Strength and growth come only through continuous effort and struggleNapoleon Hill
The best decision of my life was when I said to him, “I’m keeping the baby, and aborting you.” Well, of cos not aborting his financial responsibility. I have been working on getting child support for the past three years. Hong Kong Family Courts, please work faster.
I am human. I feel upset, frustration, disappointment. Being cut out of his life while being pregnant with his child wasn’t easy. What made things worse was being wrongfully accused of defaming him as the father of my child.
Having a legal paternity test after childbirth doesn’t change anything either. A protection order was granted to him when I was 5 months post-birth. I did not fight back, I couldn’t. I was sleep-deprived, breastfeeding, and exhausted from the demands of a young infant. I felt wronged.

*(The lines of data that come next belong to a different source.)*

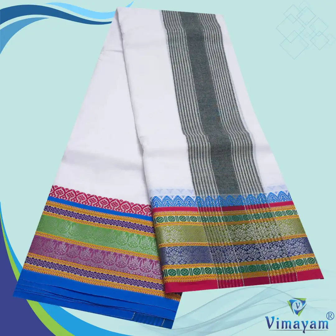 Multi Colour Special Zarigai White Vaishnava Dhoties 9X5
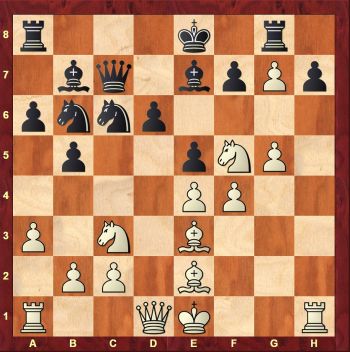 Nach nur 23 Zügen besorgte GM Davor Rogic die Führung für den SCU, die zu diesem frühen Zeitpunkt niemanden mehr überraschte. In der Paulsen-Variante der Sizilianischen Verteidigung hatte sein Gegenüber im dreizehnten Zug daneben gegriffen und setzte seinen Springer statt nach c5 nach b6, was dem kroatischen Großmeister auf Untergrombacher Seite erlaubte, seinen Bauernsturm am Königsflügel zu vollenden. Nach gerade einmal 16 Zügen war folgende Stellung auf dem Brett, die auch weniger starke Schachspieler schnell unter "kaputt" klassifizieren:
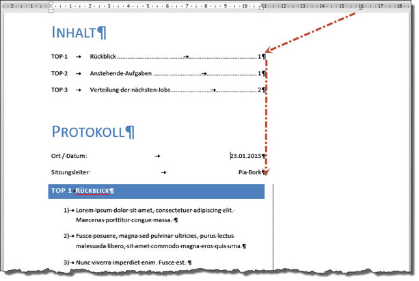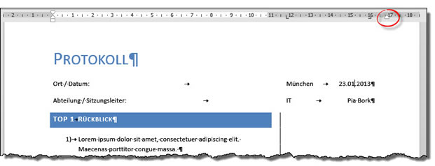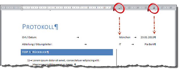 Unten sehen Sie ein Beispiel aus Word 2010 für die Anordnung. Ich habe eine Protokollvorlage mit einem sehr breiten rechten Rand - für handschriftliche Anmerkungen (ja, das ist so!). Das Inhaltsverzeichnis sowie Datum und der Name des Sitzungsleiters sollen aber die gesamte Seitenbreite nutzen. Darum wird ein rechtsbündiger Tabulator auf 16 cm platziert.

Hearing the cries of my young infant, I had visions of throwing him out of the window. Yes, this is what postpartum anxiety and depression do to women. Does that mean I was dangerous and unfit to be his mum? Very much yes, if I didn’t seek help, pronto.
I feel much better now. I no longer have those horrible visions of that window. Instead, I toss him up high in the sky to hear his excited giggles.
With the love and understanding of my partner(s) and son, I delve into the realm of the unknown, crossing over my comfort zone countless times to grow mentally, physically, emotionally, and spiritually in the new year and beyond.